• _PROVIDED DATA_
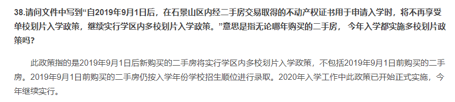 参考2022年石景山区义务教育入学咨询解答,石景山区2019年9月1日后新购买的二手房将实行学区内多校划片入学政策,2023年幼升小家长可提前了解,具体要求详见下图:
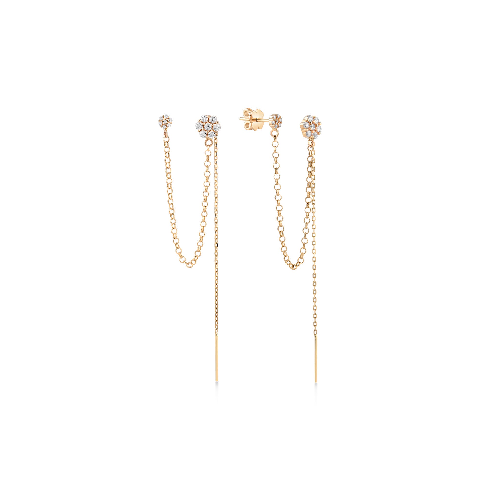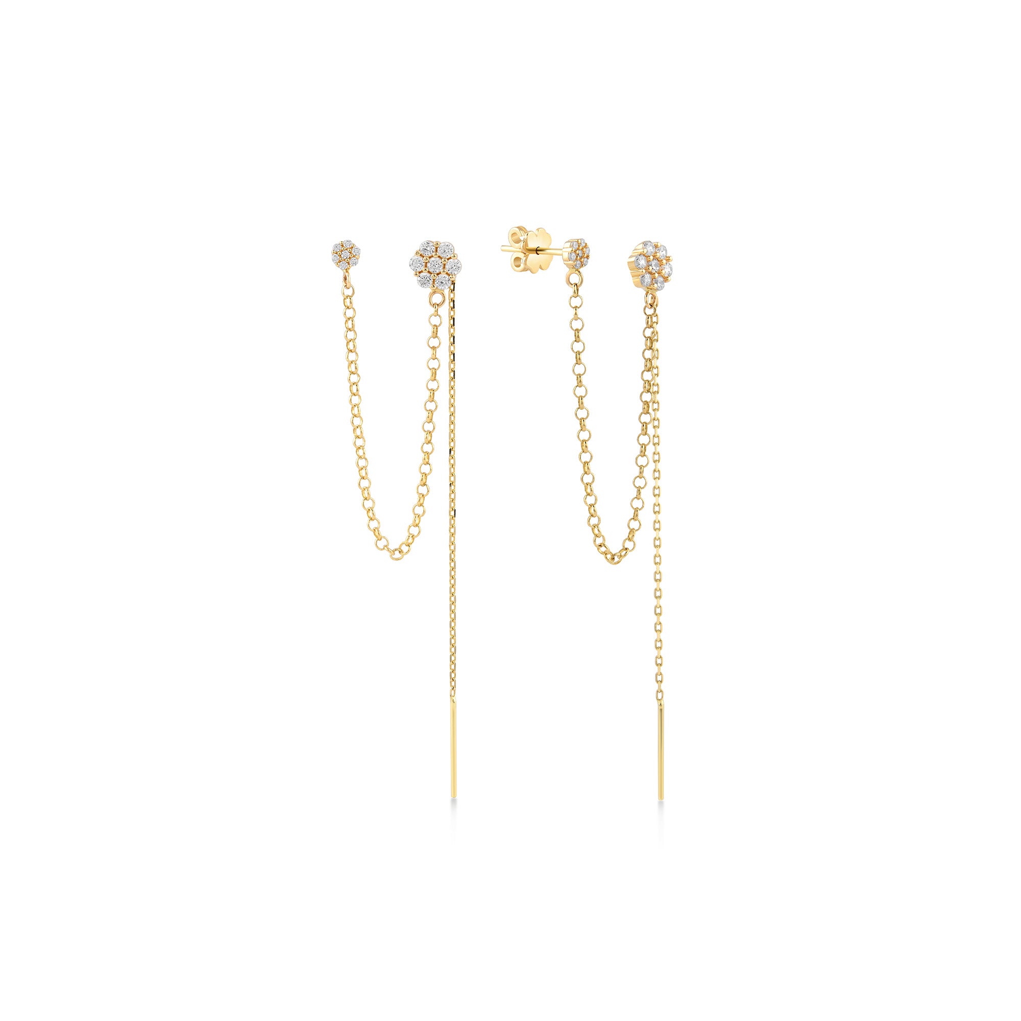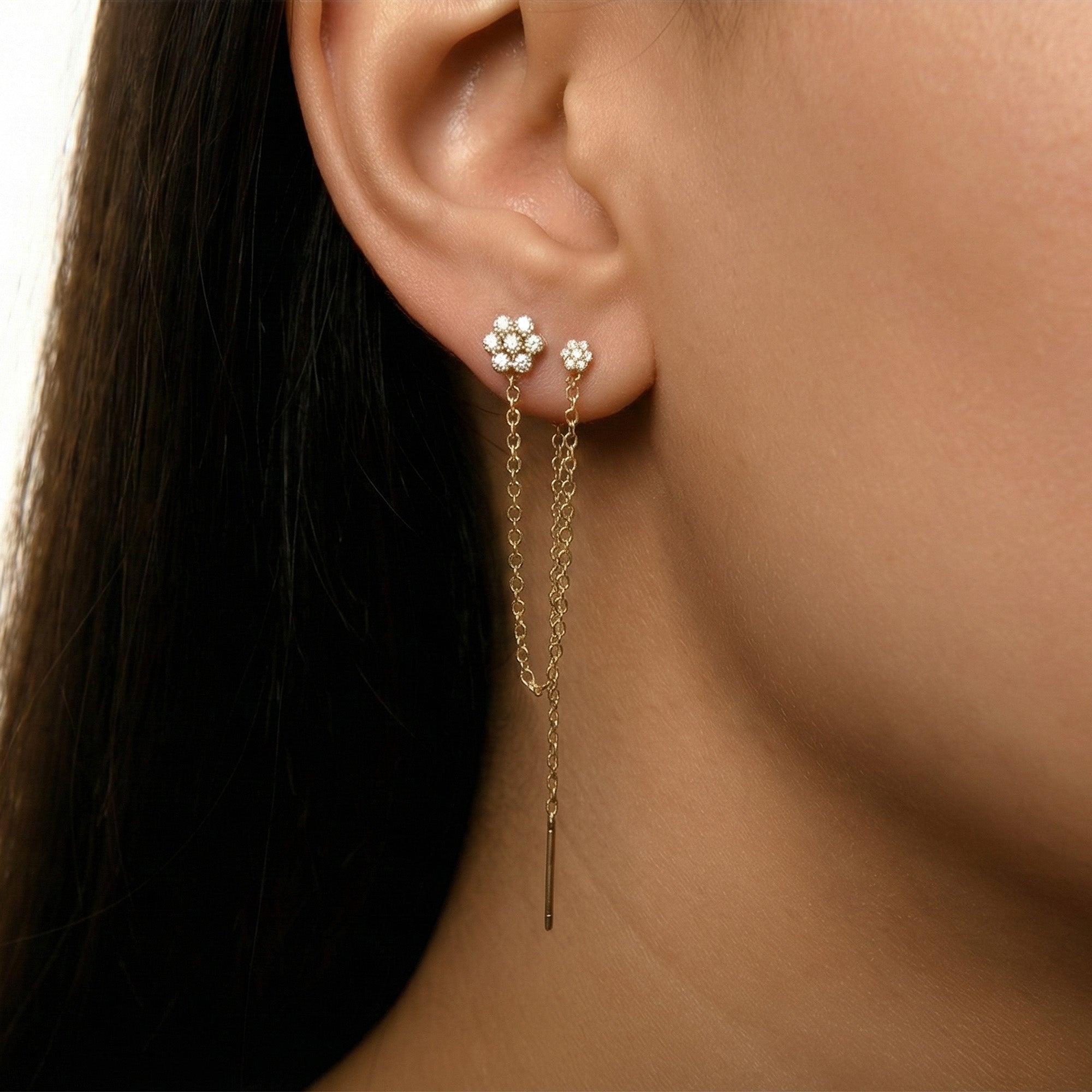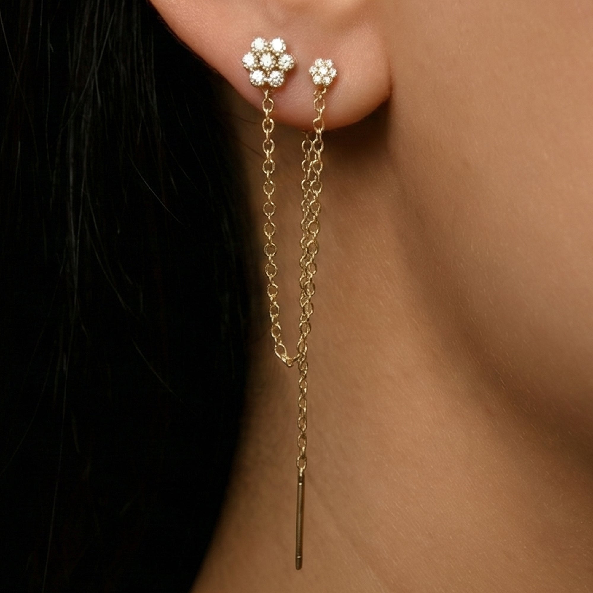 ÇİÇEK ZİNCİR SALLANTILI TAŞLI ALTIN KÜPE
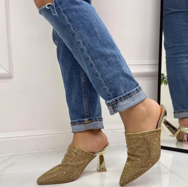 Primi Tacchi Gemma – Décolleté Donna Tacco Spillo Punta Strass Oro Fashion

• _ACTIVITY_
Except for the pictures, copy the material above exactly.

• _RESPONSE AREA_
 参考2022年石景山区义务教育入学咨询解答,石景山区2019年9月1日后新购买的二手房将实行学区内多校划片入学政策,2023年幼升小家长可提前了解,具体要求详见下图:
 ÇİÇEK ZİNCİR SALLANTILI TAŞLI ALTIN KÜPE
 Primi Tacchi Gemma – Décolleté Donna Tacco Spillo Punta Strass Oro Fashion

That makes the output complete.